Weak, and desperate, and not far off. The sound of an injured mole calling out for help with his last breath before losing consciousness.

Maple signalled to Chater and Whillan to come with him, and together they went out swiftly.

All waited in silence, listening, and Privet looked in despair. They heard talking and then a pause, and after that the sound of the moles coming slowly down the tunnel helping a mole along.

Then in they came, Maple in front supporting Pumpkin, who at first was hard to recognize. His fur was wet and in disarray and there was blood about his face, and a nasty injury in his shoulder. He was only half-conscious, yet trying to speak, and his paws and belly were muddied and torn, as if he had crawled right across the Wood.

“Where’s Husk?” said Privet with sudden urgency, trying to run out of the tunnel and up into the Wood. “He’s in trouble at Rolls and Rhymes, he needs our help.”

Maple held her to stop her rushing off.

“Let him recover himself and talk, mole, you’ll gain nothing floundering about the wood distraight. Now, Pumpkin, can you tell us what happened?”

“Whatever it was it was while I was talking,” whispered Privet, much distressed, “and I should have been there, not here. I should not have left Husk alone!”

“What’s apaw, Pumpkin? Whatmole did this to you? Where’s Husk?”

“Dying,” whispered Pumpkin at last, wincing as he shifted to try to ease the pain.

Try to tell us what happened,” said Maple.

It took Pumpkin some time more to find strength enough to talk, and when he did what he had to say was grim indeed.

“Newborns came to Rolls and Rhymes,” he gasped. Texts all broken and destroyed. Husk … dying where I left him.”

“Where did you leave him, mole?” asked Chater urgently.

“Where he asked me to take him: at the Stone.”

“You’ve come from there,
now
?” said Stour.

Pumpkin nodded wearily, close to tears. They just came. Six of them. Too many for us. I tried to dissuade them, and even offered to fight them, me! Keeper Husk said not. They hit him. They began to destroy his tunnels to let the storm and rain do the rest. When they were gone there was nothing we could do and he asked me to take him to the Stone and then do my best to come here … I’m sorry, I could not do more.”

“You did more than many moles did, Pumpkin,” said Stour. This night we have seen how history turns, and turns again and now a long night has begun, and we are of it, all of us. Now listen each one of you, for this is what we each must do. Drubbins and I will go to the Library, for that is where I should be. You, Maple, will accompany us, to protect us if need be. You, Pumpkin, shall stay here with Fieldfare, who will tend to your injuries until we are ready to decide what we should do with you.

“You, Privet, will go to the Stone with Chater and Whillan, and find out what state Husk is in. We must hope that he is not in as bad a state as Pumpkin seems to think — injuries can seem worse than they are. Then you will go to Rolls and Rhymes and having done that with all due caution, join me in the Library.

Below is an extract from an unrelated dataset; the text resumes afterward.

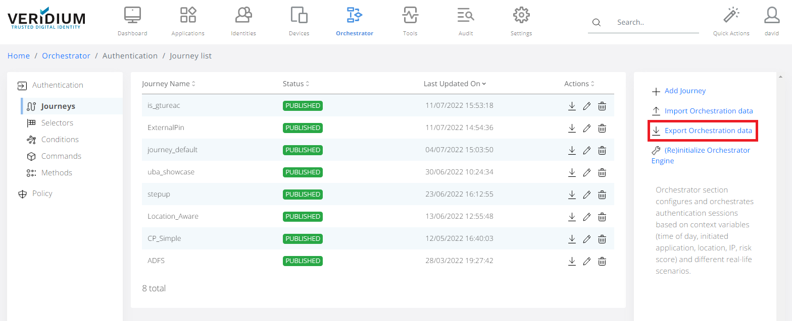 1. In Veridium Manager, click Orchestrator on top navigation. The list of existing journeys is displayed.
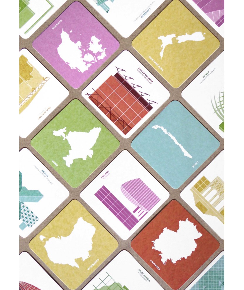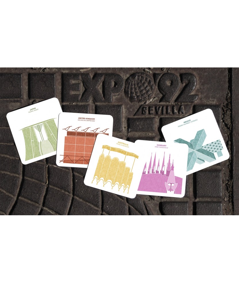 Joc de memòria que, a través del color i el dibuix, recorda l'arquitectura i els països que van formar part de la Exposició Universal de Sevilla (1992). El joc consisteix en relacionar alguns dels pavellons més representatius i vincular-los amb les seves respectives nacions i continents.

“Now we have work to do this dawn and we must do it fast. But when we come together in the Library I shall tell you what tasks — what great tasks — I believe await us all, and how it may be that the tale Privet has told us, of delving and of Rooster, may have prepared for what may soon begin, unless this night’s Newborn destruction of Rolls and Rhymes means it has begun already. Of the rest of her story, for good and ill, we must await the telling until times are more propitious. Away!”